Pilate n’est pas à l’initiative du procès du Christ. Les autorités du Sanhedrin semblent
craindre ce Christ entré à Jérusalem le dimanche précédent, acclamé comme un sauveur,
comme le libérateur d’Israël. Cette manifestation par acclamation populaire lui apparaît
comme une possible et dangereuse restauration monarchique.
Jésus arrêté est conduit devant la grand prêtre. Depuis l’an 18, un certain Kaiphe
occupe cette fonction. Il a été nommé par le prédécesseur de Ponce Pilate. L’autorité romaine
est en effet effective sur les autorités locales religieuses juives. Cependant en pratique, ces
autorités ont une grande indépendance.
Le sanhedrin se réunit en séance plénière et l’instruction commence par la recherche de
témoignages pouvant condamner le Christ à mort.
La règle impérative posée dans la Bible veut que personne ne puisse être condamné sur un
seul témoignage « un témoin ne se présentera pas seul contre un homme qui aura commis un
crime, un péché ou une faute, quelqu’il soit. Il faut nécessairement 2 ou 3 témoins pour que
l’affaire puisse être instruite. Il faut également que ces témoignages concordent entre eux.
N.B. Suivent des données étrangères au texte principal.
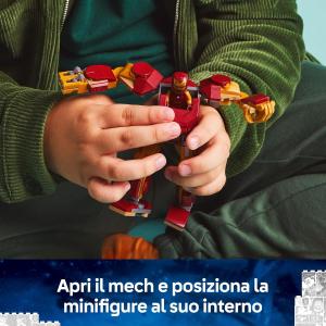 Mech LEGO di Iron Man giocattolo: questo set di giochi Marvel è dotato di braccia, gambe e dita mobili, e di busto apribile che rivela una cabina di pilotaggio che può contenere la minifigure di Iron Man
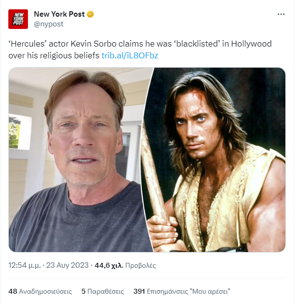 Ο Κέβιν Σόρμπο, ο οποίος έγινε διάσημος μέσα από τον ρόλο του ως «Ηρακλής» το 1995, καταγγέλλει ότι είναι θύμα της cancel culture.
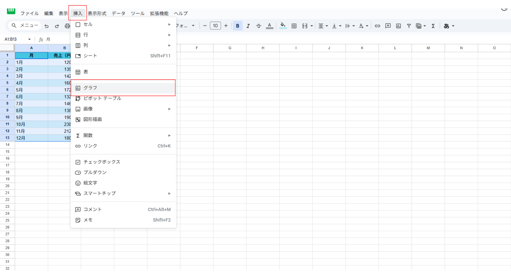 これだけでデータを判別して最適なグラフを自動で作成してくれます!
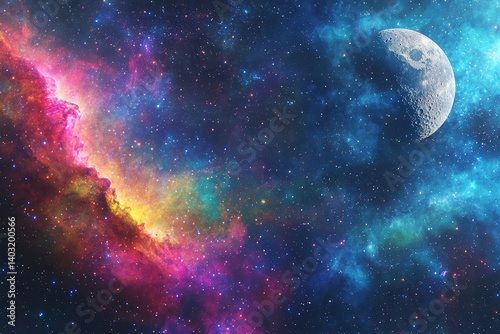 Cosmic nebula with crescent moon
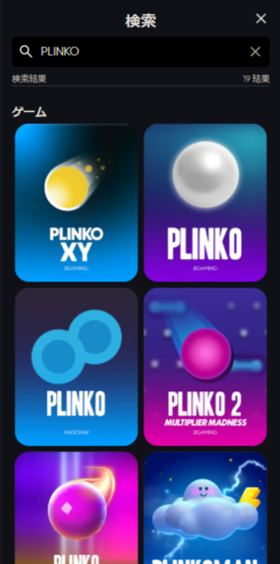 検索バーに「PLINKO」と英語で入力すると、関連するゲームの一覧が表示されます。
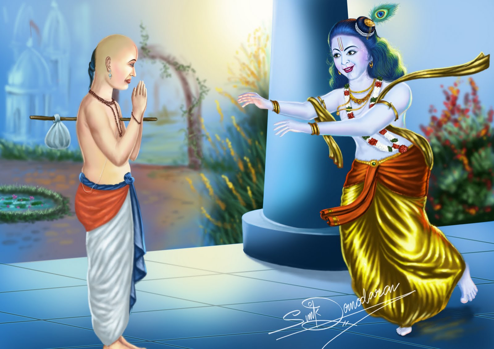 PS Изображение явно не соответствует надписи на изображении. Ибо Судама - это друг Кришны Васудевы и пришёл к к нему в гости. Наверное, это кто-то из так из украинских гаудия-вайшнавов постарался, что к надписи подобрал явно не ту картинку.
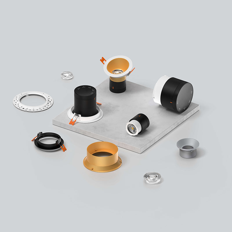 A versatile recessed lighting solution featuring customizable finishes, trims, lenses, and reflectors, with options for standard, sloped ceiling, and trimless installations, all with multi-voltage compatibility.
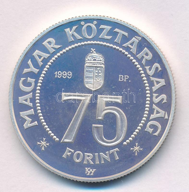 https://www.darabanth.com/en/469-Online-auction/469.0/Numismatics/Hungarian-coins-and-coins-with-Hungarian-mint-marks~2000009/1999-75Ft-Ag-75-eves-a-Magyar-Nemzeti-Bank-TUNC-AU-eredetileg-PP--Adamo-EM158~II3169149
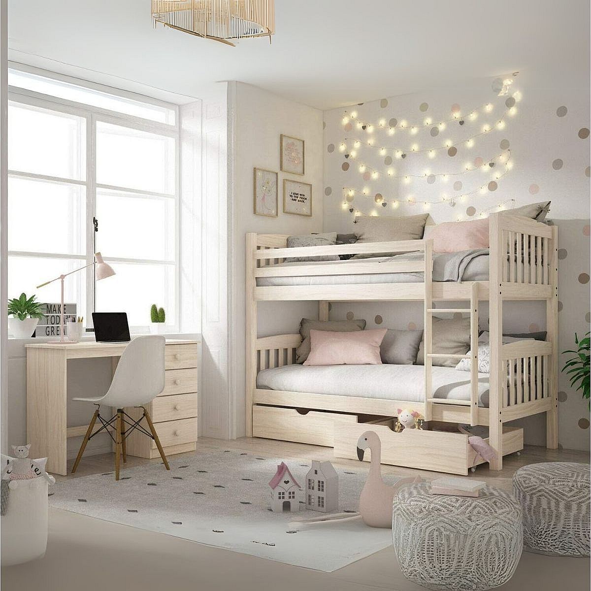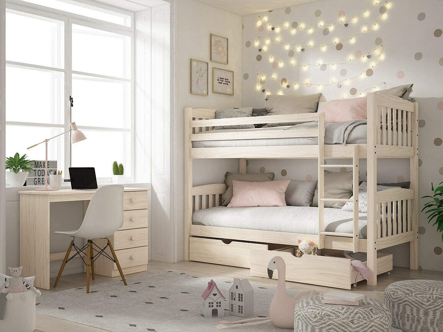 Lit superposé en bois de pin 156x205x100 cm White Wash - Venprodin

Parmi les motifs d’accusation alors lancés, certains attestent qu’ils ont entendu le
Christ dire qu’il pourrait défaire le sanctuaire et en 3 jours le rebâtir. Et cette déclaration de
profanation contre le sanctuaire national juif constitue un blasphème.
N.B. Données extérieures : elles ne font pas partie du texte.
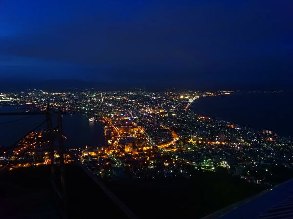 函館山登山バスは函館駅から来るバスなので満員の乗客。立ったまま約20分程で山頂に到着。 見晴らし台進むとどの展望台も5重6重の観光客で埋まっていてまともに夜景が見れない。隙間を探して前に出て何枚か写真に収める。一瞬だが評判通りに美しい夜景だった。照明も高層建築もなく静かに控えめな夜景で香港などよりずっと日本的で素晴らしい。 |
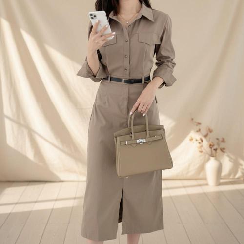 [옷자락] 여성 우아한 슬림핏 셔츠 원피스 하객 데일리룩

Marc relève cependant, à ce stade de la procédure, qu’aucun des témoignages n’est
concordant et la question décisive vient du grand prêtre : « est ce toi le Christ, le fils du Dieu
béni ? » Jésus répond « je le suis ».
Cette courte réponse est suffisante pour constituer dans la loi mosaique un blasphème car
Jésus reprend pour se qualifier le « je suis » c'est-à-dire le nom que Dieu lui-même se donne
dans l’Ancien testament. Le grand prêtre considère donc qu’il est passible de mort. Mais les
membres du Sanhendrin ne prononce là qu’un arrêt de mise en accusation et une décision de
prise de corps. La condamnation à mort n’est pas prononcée. Le châtiment contre les
blasphémateurs de la loi mosaique est la lapidation et si la condamnation à la lapidation avait
été prise, les 4 évangélistes en auraient parlé. Or ils ne disent rien sur ça et jean ne rend même
pas compte de cette comparution devant le Sanhendrin.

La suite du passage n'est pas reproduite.